Auf der Heimfahrt dachte ich lange über diese kleine Szene nach – und so langsam dämmerte es mir. Mein Vater hatte durchaus nicht an den Fähigkeiten seiner Tochter gezweifelt – aber die Tatsache, dass ich als Frau, als Nicht-Theologin, zwanzig Priestern etwas zu sagen habe – und die dann auch noch zuhören, das hatte sein Priesterbild vollkommen durcheinander gebracht. Für ihn ist ein Priester etwas, was in die himmlisch-heiligen Sphären gehört, weit weg von allem Profanen. Das ist der „Herr Pfarrer“, über alle Kritik erhaben, durch die Weihe mit allem gesegnet, qua Amt ein kleiner Herrgott auf Erden. Und solchen „Halbgöttern“ soll seine Tochter, die er ja nun auch kennt, wirklich etwas zu sagen haben?“ (Text von 2003)

Über die Autorin

Andrea Schwarz ist Schriftstellerin, war lange Jahre pastorale Mitarbeiterin im Bistum Osnabrück und lebt im Emsland. Sie ist eine genaue und sensible Beobachterin ihrer Umwelt und der Menschen, denen sie begegnet. In ihren Texten versucht sie, Gott mitten im Alltag zu entdecken und Lust aufs Leben zu machen – nun erstmals auch in Form von Blogbeiträgen!

Das war das Priesterbild nur einer Generation vor uns – und natürlich Einflugschneise  für möglichen Missbrauch. Was hat sich da in der Zwischenzeit nicht schon alles getan! Mir geht ein Satz durch den Kopf: „Freunde, wir sind ganz schön weitergekommen!“ – wenn ich nicht ganz falsch liege, dann ist er von Wolf Biermann.

Zugegeben, das ist keine Antwort auf die Aussage: „Es geht immer noch alles zu langsam“ – und es gibt, weiß Gott, auch noch genug zu tun! Aber das habe ich damals auf dem Pilgerweg nach Santiago gelernt: Manchmal, wenn das Ziel unerreichbar fern zu sein scheint, kann es ganz gut tun, zurückzuschauen und zu sehen, welchen Weg man schon gegangen ist. Das kann Kraft für die nächsten Schritte geben. Und die werden wir brauchen … sowohl die Kraft, wie auch die Schritte …

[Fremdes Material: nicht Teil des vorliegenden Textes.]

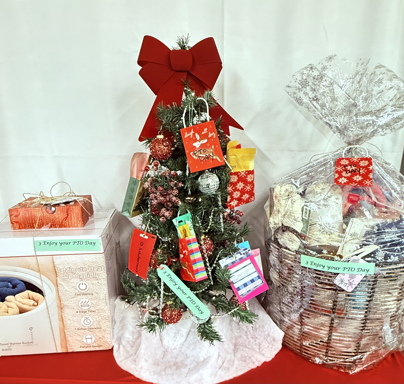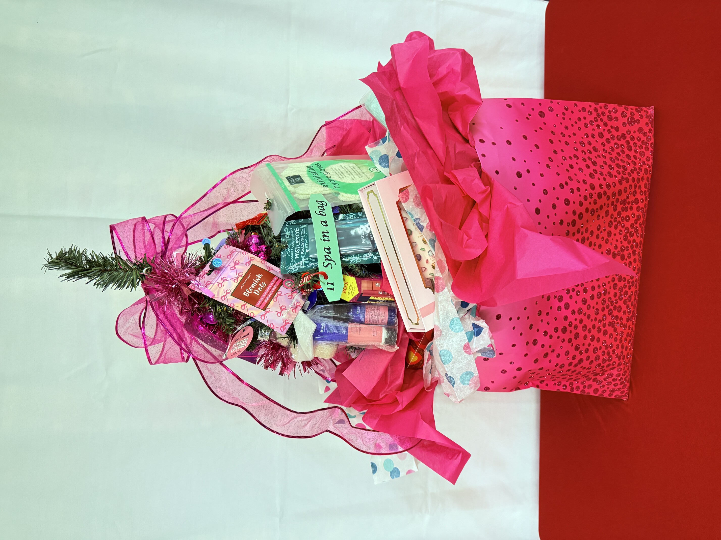Towel warmer and 2 towels, robe, pajamas, slippers, warming wrap, lotions, hand bands, loofah, bath pillow, make-up bag, shower steamer, bath salts, facial masks as well as gift cards for $40.00 for Bath & Body, $25.00 for Lululemon, and $25.00 for ULTA.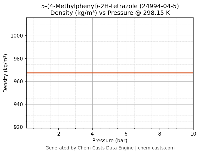 This page presents the pressure-dependent thermodynamic and transport properties of 5-(4-Methylphenyl)-2H-tetrazole (CAS 24994-04-5) calculated at a constant temperature of 298 K (25 °C) over the pressure range 0.10-10 bar.

2 Kommentare zu “Ein Blick zurück

  1. Guten Morgen,
    mich hat dein Text heute sehr berührt und meiner Seele gut getan. Ich bin Bildungsreferentin der kfd und meistere täglich den Spagat zwischen den Frauen die vorran rennen und denen die einfach vertrautes noch nicht lassen können.
    Und wenn es dann nicht schnell genug geht, wendet Frau sich ab und kämpft nicht mehr weiter, das macht mich traurig. Es lässt mich hilflos auf das schon Bewegte zurück schauen und raubt mir die Motivation und Kraft langsam und stetig weiter den steilen Berg der Veränderung bergan zu
    gehen.
    Danke für den Segen der Ausdauer, gute vorösterliche Tage und den hoffnungsvollen Neubegin
    Dorothea kfd DV PB

    1. Liebe Dorothea, ich kann Deine Situation gut verstehen und die Gefühle nachvollziehen… beides ist mir sehr vertraut! Und es kostet viel Kraft, so eine Karawane beisammen zu halten, wenn man nicht jemanden zurück und andere ziehen lassen will. Patentrezepte gibt es da wohl (leider!) keine. Die hatte auch Jesus nicht. Aber er hatte Positionen und Überzeugugen, die er vertreten hat – und hat trotzdem dabei den Menschen nicht aus dem Blick verloren.
      Ich wünsche Dir dazu die österliche Kraft und Hoffnung für den Weg – und den langen Atem des Pfingstgeistes!